While KYC has been a mandatory requirement to buy a life insurance policy, it was not mandatory to buy health insurance and general insurance, such as travel insurance, motor insurance, and home insurance. Until December 31, 2022, providing KYC documents, such as PAN card and Aadhar card at the time of a health insurance policy claim, was required if the claim amount was greater than Rs 1 lakh.
So, as per the new rules, from January 1, 2023, the insurers are required to conduct a KYC exercise before selling an insurance policy.

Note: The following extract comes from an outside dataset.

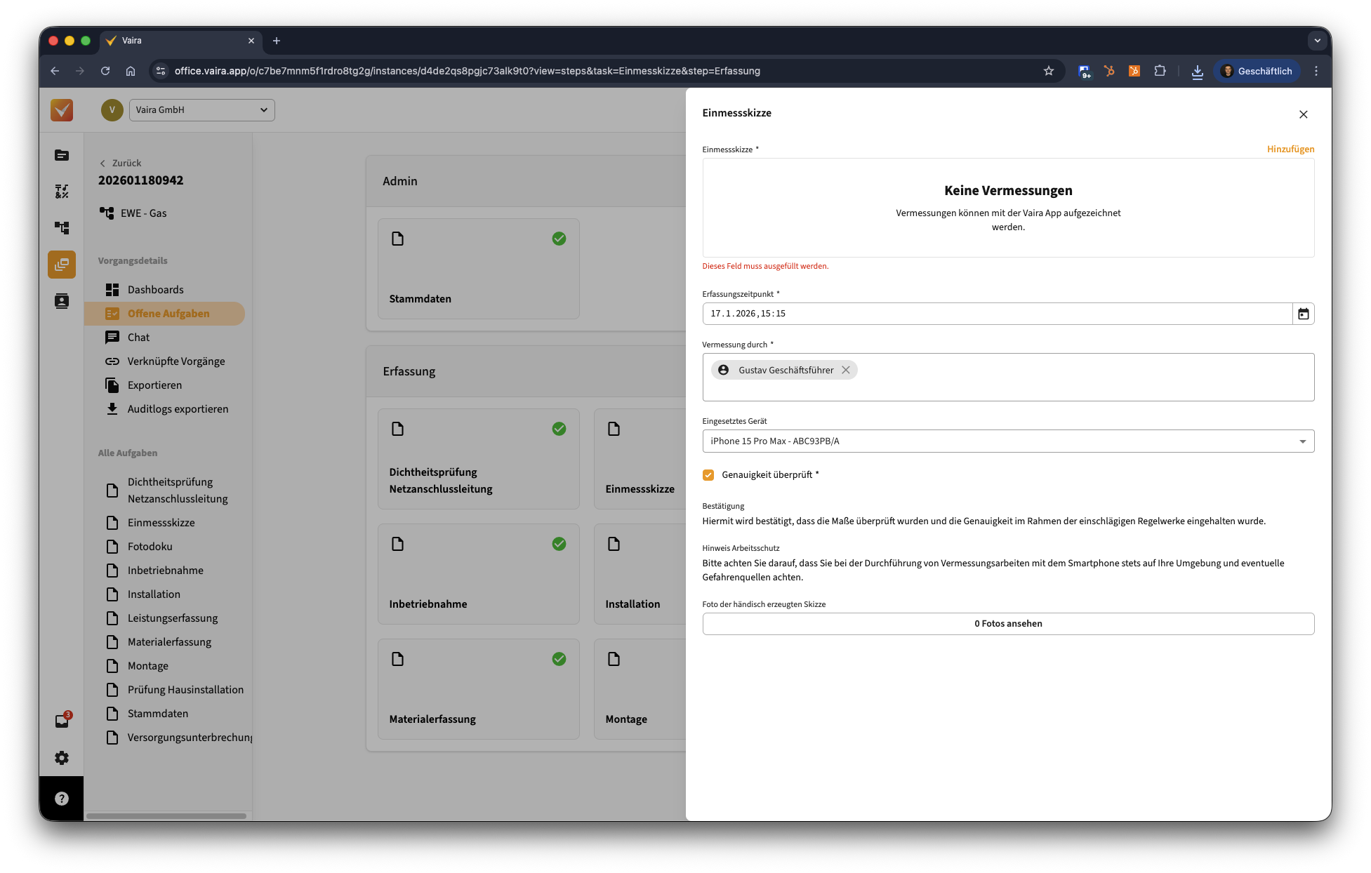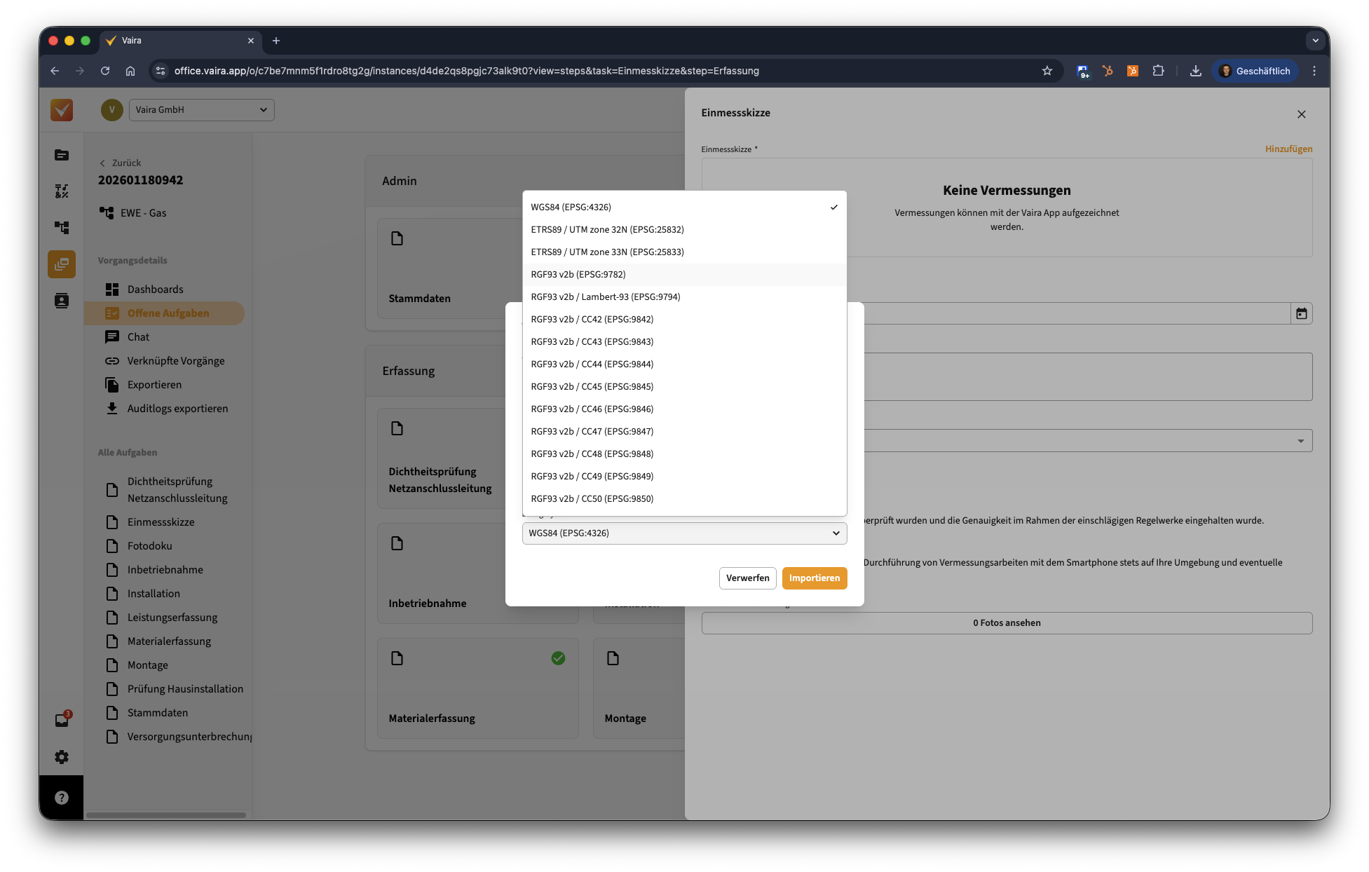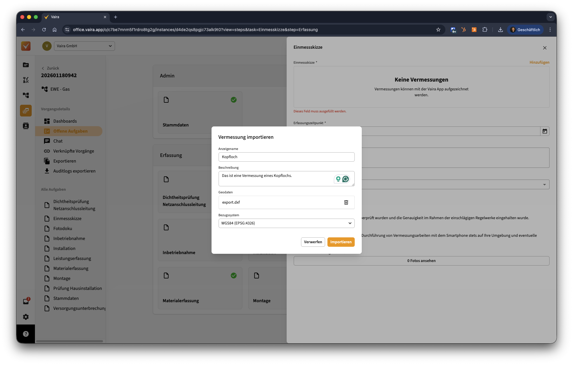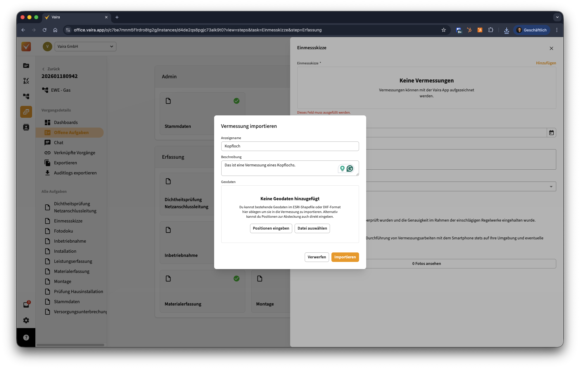 1. Öffne einen Vorgang in deinem Vaira Office, in dem du die Vermessung hochladen möchtest.

The insurance regulator has provided a time frame to the insurers for collecting KYC documents from existing customers. The insurers can complete the KYC of their low-risk customers within 2 years and high-risk customers within 1 year.
To ensure all the existing customers are KYC-compliant, the insurers have started intimating the customers through emails and SMSs. While it is not mandatory for existing customers to complete their KYC, if your policy is due for renewal after January 1, 2023, you likely have to provide the KYC documents to the insurer.

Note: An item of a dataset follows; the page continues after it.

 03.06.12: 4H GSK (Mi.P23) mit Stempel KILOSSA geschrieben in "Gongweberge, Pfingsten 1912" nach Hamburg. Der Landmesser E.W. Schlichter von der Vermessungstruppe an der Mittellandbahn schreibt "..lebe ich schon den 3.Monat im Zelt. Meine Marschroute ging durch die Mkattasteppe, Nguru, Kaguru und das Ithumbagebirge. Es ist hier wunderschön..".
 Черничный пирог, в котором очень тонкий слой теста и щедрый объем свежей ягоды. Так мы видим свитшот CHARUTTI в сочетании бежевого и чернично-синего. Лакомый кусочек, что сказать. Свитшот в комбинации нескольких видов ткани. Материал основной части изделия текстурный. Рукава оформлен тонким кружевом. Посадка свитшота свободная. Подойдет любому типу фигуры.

In separate news, apart from the new KYC rules, the regulator has asked the life insurance and health insurance companies to settle the Covid-19 claims at the earliest. It was seen in the first and second waves of Covid-19 that some hospitals were asking for deposits for Covid-19 treatments despite the patients having cashless policies. The IRDAI has urged insurers to ensure that hospitals do not take such deposits for covid-19 hospitalisation. The insurers are advised to reduce paperwork and report data in a set format to avoid discrepancies.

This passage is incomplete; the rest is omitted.